Removing the GIL won't magically solve any problems.
This has been tried before, with disappointing results, which is why I'm reluctant to put much effort into it myself. In 1999 Greg Stein (with Mark Hammond?) produced a fork of Python (1.5 I believe) that removed the GIL, replacing it with fine-grained locks on all mutable data structures. He also submitted patches that removed many of the reliances on global mutable data structures, which I accepted. However, after benchmarking, it was shown that even on the platform with the fastest locking primitive (Windows at the time) it slowed down single-threaded execution nearly two-fold, meaning that on two CPUs, you could get just a little more work done without the GIL than on a single CPU with the GIL.
"To reduce memory usage, the garbage collector will now clear internal free lists when garbage-collecting the highest generation of objects. This may return memory to the operating system sooner."
For someone building long running processes or loading data generating millions of unique ints or floats over and over, this is major (though still hard to believe it was ever an issue).
I'm not sure I understand why this is "huge." If the working set of the program is stable over time (or slowly growing), it seems like this isn't a significant win: it's only a win when the working set shrinks, and this change allows the freed memory to be returned to the OS more promptly. Your examples of "long running processes" or "generating millions of unique ints/floats" wouldn't necessarily qualify: ISTM that the normal generational GC should handle both those cases fine. Am I missing something?
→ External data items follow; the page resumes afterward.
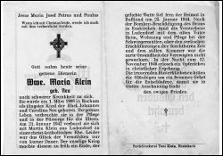 Eltern: Johannes u. Carolina Neu; sorgte ihr ganzes Leben lang für die Eltern; ∞ 21.1.1942 Martin Klein aus Ludendorf, im 2. Weltkrieg bald darauf gefallen in Rußland 25.1.1944; nach Ausbombung in Euskirchen wohnte sie b.d. Schwiegereltern in Ludendorf |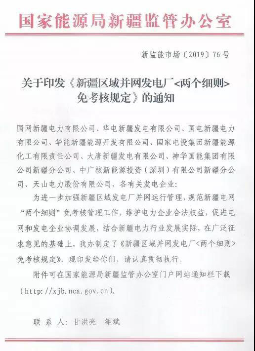 據(jù)國家能源局新疆監(jiān)管辦消息,該機(jī)構(gòu)于近日接連印發(fā)了《新疆區(qū)域并網(wǎng)發(fā)電廠《兩個細(xì)則》免考核規(guī)定》和《新疆區(qū)域并網(wǎng)發(fā)電廠<兩個細(xì)則>補(bǔ)充規(guī)定》等兩份通知。
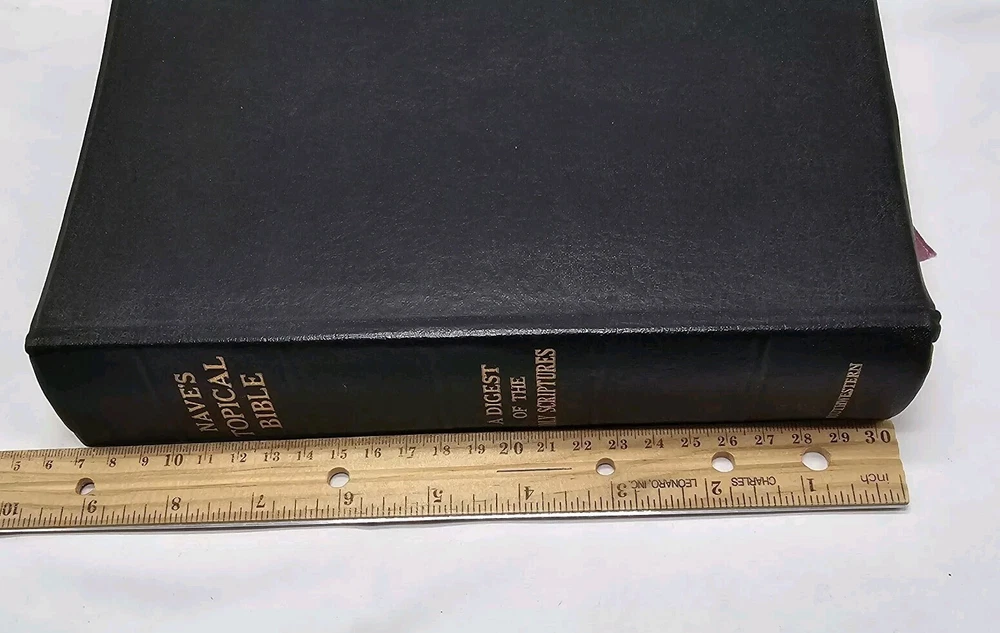 This is a vintage Bible reference and encyclopedia published in 1962 titled Nave's Topical Bible. Vintage used book is in acceptable condition with heavy wear from age and use.

Long story short: CPython uses a custom memory allocator on top of the OS malloc because some mallocs are really bad and python knows more about it's memory usage patterns than the OS. The newer CPython allocator plays better with popular OS's so that repeatedly newing and freeing lots of objects is more likely to return memory to the system.
The old behavior didn't effect server sized systems and typical workloads but it did piss off some embedded apps.
Abstract Base Classes will finally allow us some semblance of an interface. Glad that this is one less reason to look to java when teaching the principals and benefits of OO-programming.
I would prefer not having a GIL, anyway, but this is far better than nothing.